= The Auntie Dee Show =

1950s TV programme

The Auntie Dee Show was a 1950s television show in Detroit, Michigan. The show's host Dee Parker sang with Vaughn Monroe's orchestra from 1943 to 1944, with whom she recorded such songs as "One Too Often" and "When You Put On That Old Blue Suit Again" under the name "Del Parker". She changed her name to "Dee Parker" when she joined Jimmy Dorsey's band, with whom she recorded more than a dozen songs for Decca Records and MGM Records, before she found fame in Detroit [early 1950s] as TV kiddie talent show host, "Auntie Dee". She also hosted a short-lived variety show titled "Rehearsal Call" in 1949.

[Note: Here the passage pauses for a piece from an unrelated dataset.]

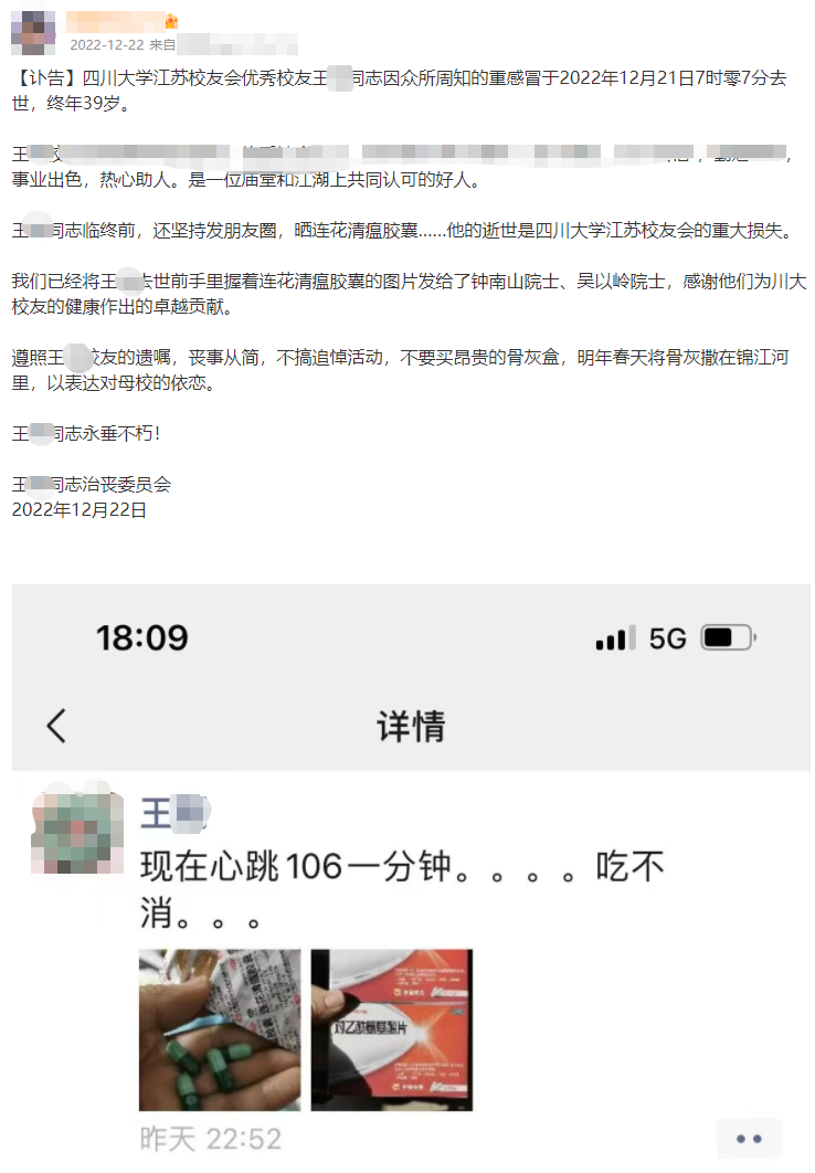 此前2024年12月22日,前述微博账号曾发布一份颇受网友关注的“讣告”。“讣告”称,“王某同志临终前,还坚持发朋友圈,晒连花清瘟胶囊……我们已经将王某去世前手里握着连花清瘟胶囊的图片发给了钟南山院士、吴以岭院士,感谢他们为川大校友的健康作出的卓越贡献。”该文在互联网各平台广泛传播,引发不少争议。

"Uncle Jimmy" (Stevenson) was the piano player on "The Auntie Dee Show." Parker moved to Los Angeles in 1956, where she continued her TV show and was a fixture at local supper clubs. She died in 2000. Among the performers on the show was 5 year old Mary Prevost, 7 year old composer/pianist Paul Schoenfield, and 14 year old Ursula Walker.[1]

The reward for performing was, depending on the episode's sponsor, a six-pack of Faygo Pop or a can of New Era potato chips.